Subodh Kant Sahay, Union minister of state for food processing, who accompanied Jaiswal, kept the suspense alive by accusing the government of lacking “administrative zeal”.

While the Congress supports the Koda government, he added, the party could also catch the state government by the scruff of its neck. “We will not remain mute spectators to what is happening in Jharkhand. Both SPs and MPs are getting killed. We will not allow this to continue here,” fumed Sahay.

The motive of the assassination appeared more complex as the JMM smelt a “political conspiracy” behind the killing. Even other political parties hinted at the possibility of infighting within the JMM leading to the killing.

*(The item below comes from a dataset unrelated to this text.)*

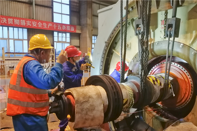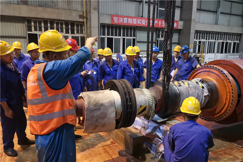 “转子联轴滑块已取出”“汽侧转子护环已通过。”随着对讲机里短促有力的发声,公司2号发电机抽转子一次成功,标志着2号发电机检修工作完成重要节点,为高质量完成发电机检修任务奠定了坚实基础。
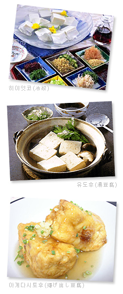 히야얏코(冷奴)는 한자이름에서 알 수 있듯이 차갑고 주로 여름에 먹는다. 차가게 한 두부를 큼직한 사각형으로 썰어 파·가츠오부시·생강 등을 꾸미로 얹고, 마지막으로 간장을 뿌려 먹는다. 여름에 히야얏코가 있다면 겨울에는 유도후(湯豆腐)가 있다. 유도후는 두부, 물, 다시마로만 만들어내는 요리이니만큼 세 가지가 모두 고품질이어야 하니, 에도시대의 요리책『두부백진(豆腐百珍)』에 최상급 요리로 올랐다는 것도 이해할 만하다. 간장·식초·미림·다시물에 다진파, 얇게 선 유자, 무즙을 꾸미로 얹은 소스에 찍어 먹는다. 아게다시토후(揚げ出し豆腐)는 두부에 옷을 입혀 튀긴 다음 소스를 찍어 먹는 요리다. 한국에서는 두부에 옷을 입혀 튀기는 것이 생소하겠지만, 튀김옷 속의 폭신한 두부의 색다른 맛을 즐길 수 있다.

A section within the JMM claimed the MP had incurred the wrath of the Maoists by refusing to pay levy for the large number of petty contracts that he and his men had cornered in the area.

The assassination raised a number of questions. The MP, it is claimed, did not inform the police of his movement. Police top brass also wondered, on condition of anonymity, why he took only four of the 12 armed guards at his disposal.

Not that it would have made much difference, judging by the way the commandos were overpowered and killed. All the four or five commandos with the MP — confusion prevailed about the figure till late in the evening — apparently stood behind the MP and were intent in watching the football match. The Maoists, who had mingled with the spectators, crept up from behind and overpowered them without resistance.

According to one eyewitness report, the two commandos who got killed had actually tried to escape after losing their weapons. Police acknowledged deficiencies in training while admitting that the commandos’ inability to fire even a single retaliatory shot had shocked them.

Even more intriguing is the claim of the organisers that the football final had been reduced to a 40-minute affair because the MP arrived “very late” and the light was fading. There were 4,000-5,000 spectators, according to eyewitnesses, and the final was originally scheduled to last the usual 90 minutes. But the MP arrived at 5.30 pm and with dusk creeping in fast, there was no way the match could have been completed.

Sonaram Soren, the organiser who had persuaded the MP to attend the final, was not at the spot when the Maoists killed the latter. Soren claimed he had gone inside the club building, next to the football field, “looking for a camera”. He heard the shots, emerged from the “club-house” and learnt that the MP had been shot. He was so scared that he fled the spot, Soren said.